BEGIN Exercise materials
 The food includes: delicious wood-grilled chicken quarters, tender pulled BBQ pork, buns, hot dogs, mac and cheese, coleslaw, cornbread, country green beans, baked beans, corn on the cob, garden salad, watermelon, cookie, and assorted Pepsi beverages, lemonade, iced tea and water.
END Exercise materials
BEGIN Exercise materials
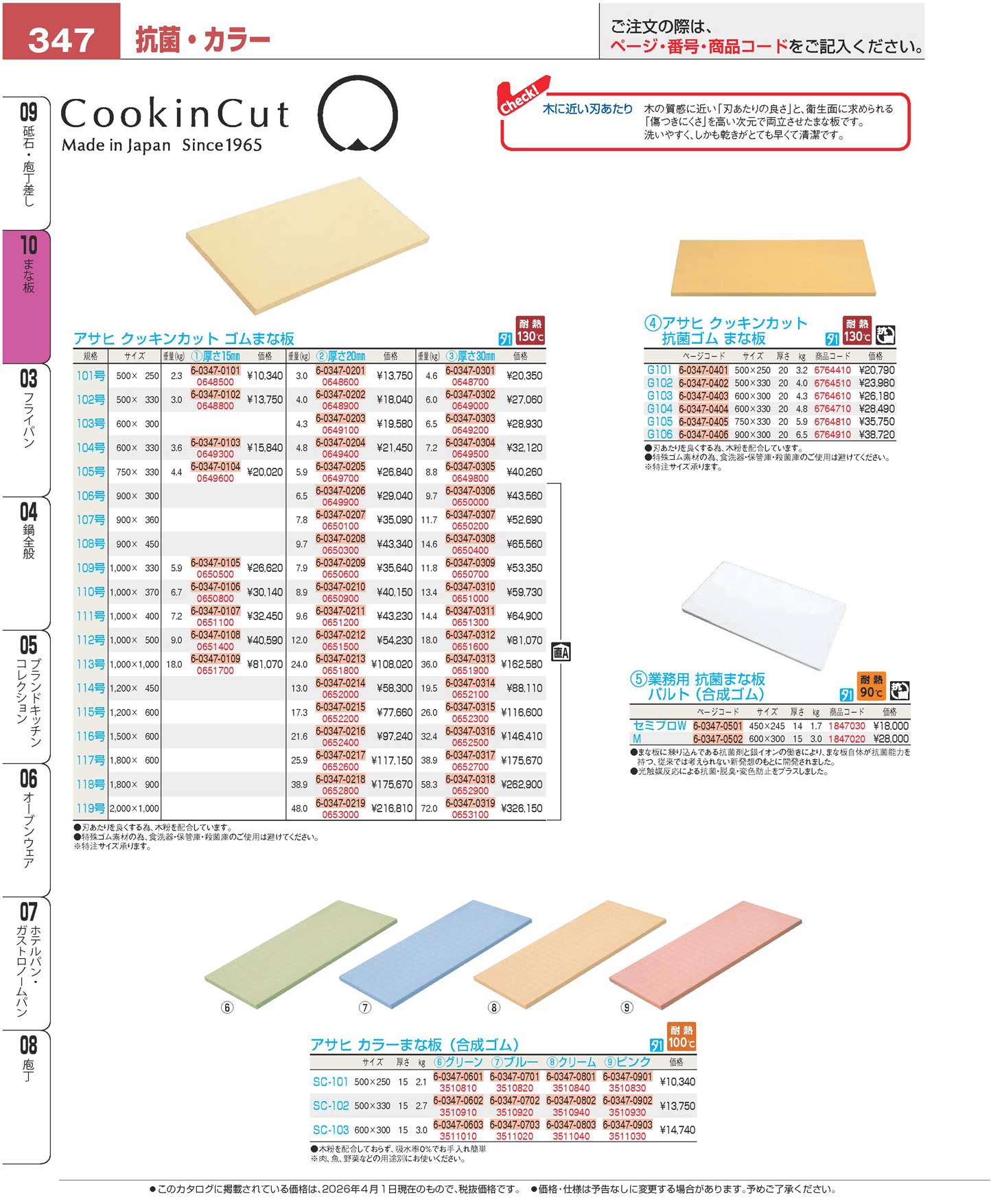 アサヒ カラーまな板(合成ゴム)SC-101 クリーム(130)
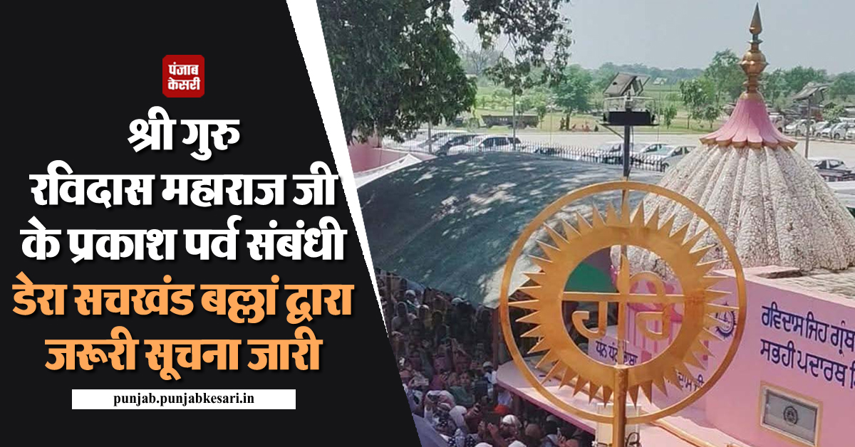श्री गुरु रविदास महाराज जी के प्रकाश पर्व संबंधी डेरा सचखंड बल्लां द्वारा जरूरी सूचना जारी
END Exercise materials
BEGIN Exercise materials
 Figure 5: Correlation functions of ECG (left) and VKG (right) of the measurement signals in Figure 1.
END Exercise materials
Task: The copy should hold exactly the lines above from the one with "アサヒ カラーまな板(合成ゴム)SC-101 クリーム(130)" through the one with "श्री गुरु रविदास", both ends counted, and no pictures at all.

Written response:
 アサヒ カラーまな板(合成ゴム)SC-101 クリーム(130)
श्री गुरु रविदास महाराज जी के प्रकाश पर्व संबंधी डेरा सचखंड बल्लां द्वारा जरूरी सूचना जारी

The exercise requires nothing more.